Exact copies of the lines from the one with "Vgate 6X1/0 Awg" through the last line of the entries, and no pictures, make up the answer.

### Records for the task ###

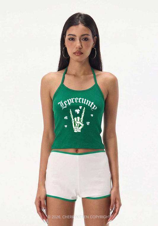 Leprecunty Skull St Patricks Y2K Halter Neck Cami Cherrykitten
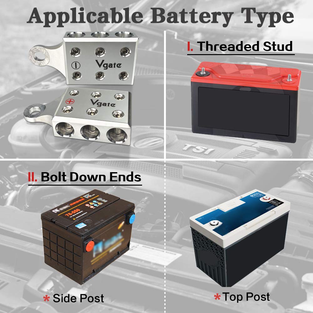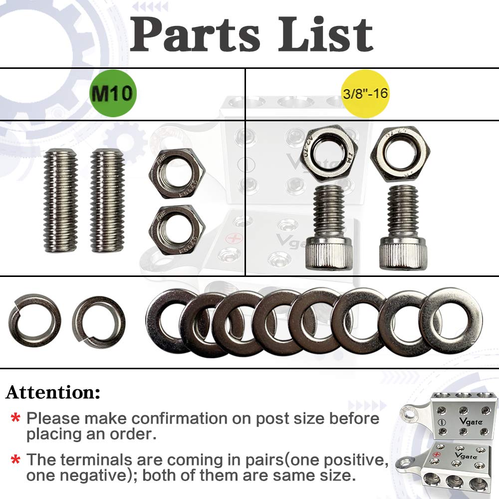 Vgate 6X1/0 Awg Gauge Post Battery Terminals, For Lithium Or Agm Lead Acid Battery With Bolt Down Ends Or Threaded Studs, M10 Or
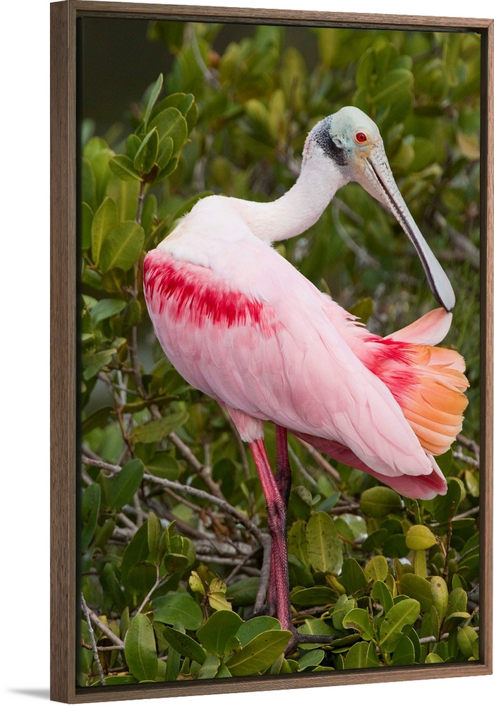 <p>roseate spoonbill (Ajaia ajaja), Preening, Merritt Island NWR, FL</p>
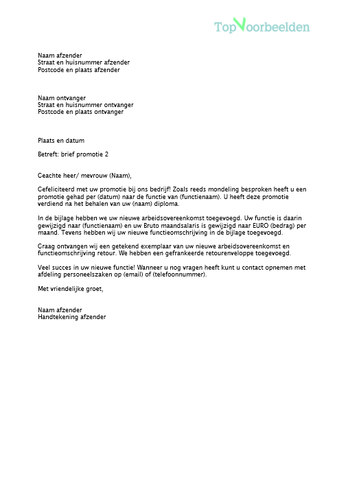 Brief promotie, 3 voorbeeld brieven voor het geven van een promotie aan een medewerker. Bekijk en download de gratis voorbeelden.
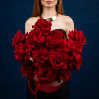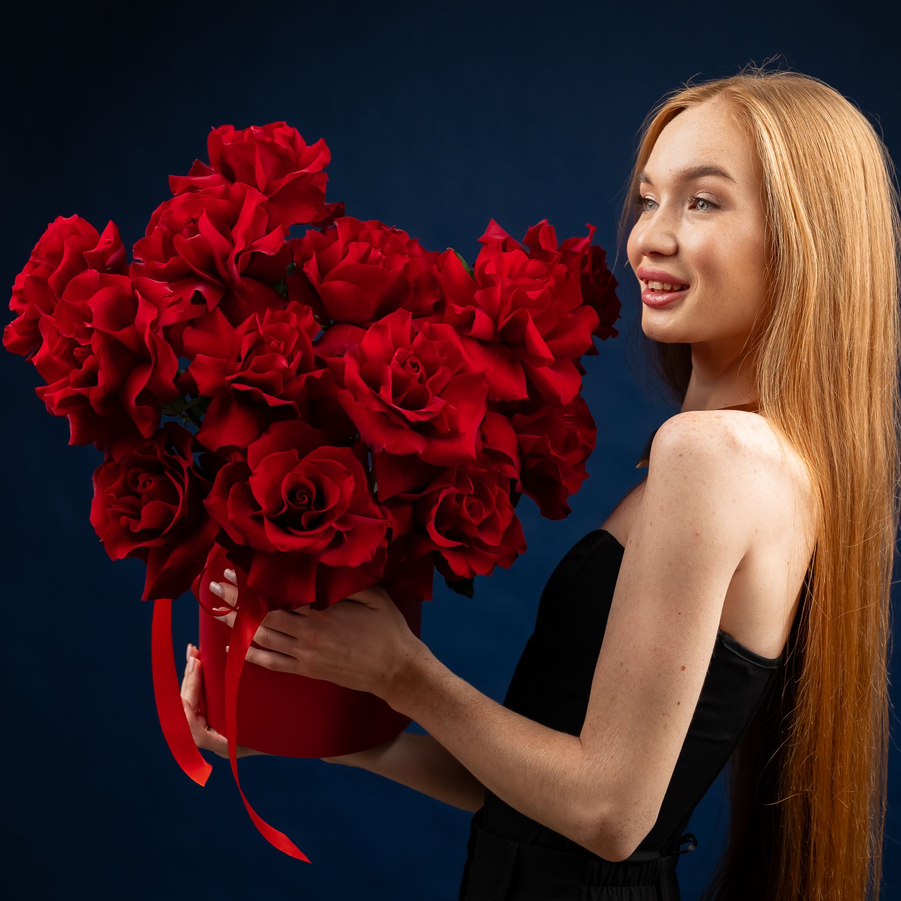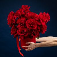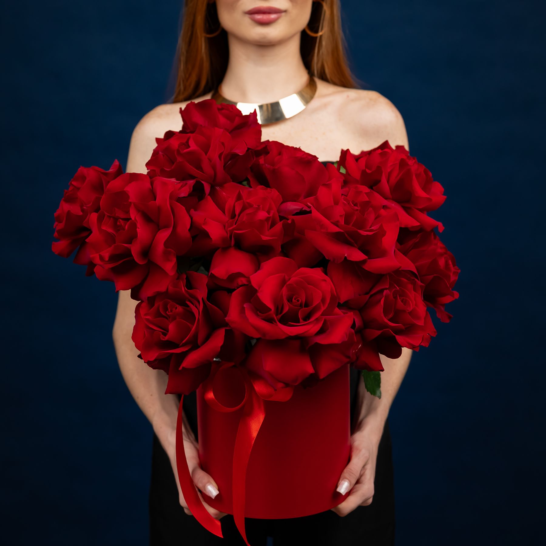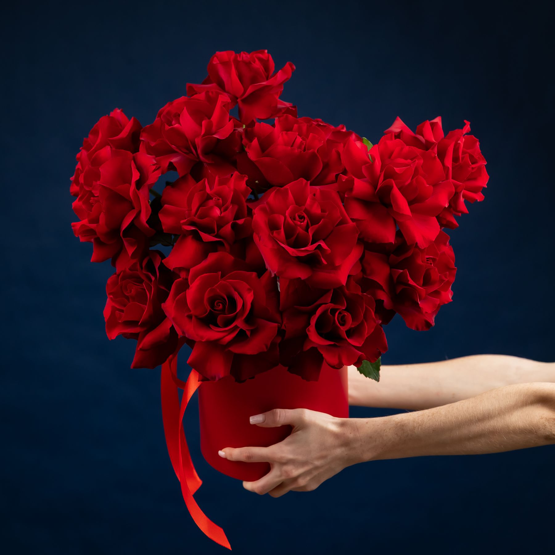 15 французских роз в шляпной коробке (сорт Мондиаль)

###

> [Exercise result]
 Vgate 6X1/0 Awg Gauge Post Battery Terminals, For Lithium Or Agm Lead Acid Battery With Bolt Down Ends Or Threaded Studs, M10 Or
 <p>roseate spoonbill (Ajaia ajaja), Preening, Merritt Island NWR, FL</p>
 Brief promotie, 3 voorbeeld brieven voor het geven van een promotie aan een medewerker. Bekijk en download de gratis voorbeelden.
 15 французских роз в шляпной коробке (сорт Мондиаль)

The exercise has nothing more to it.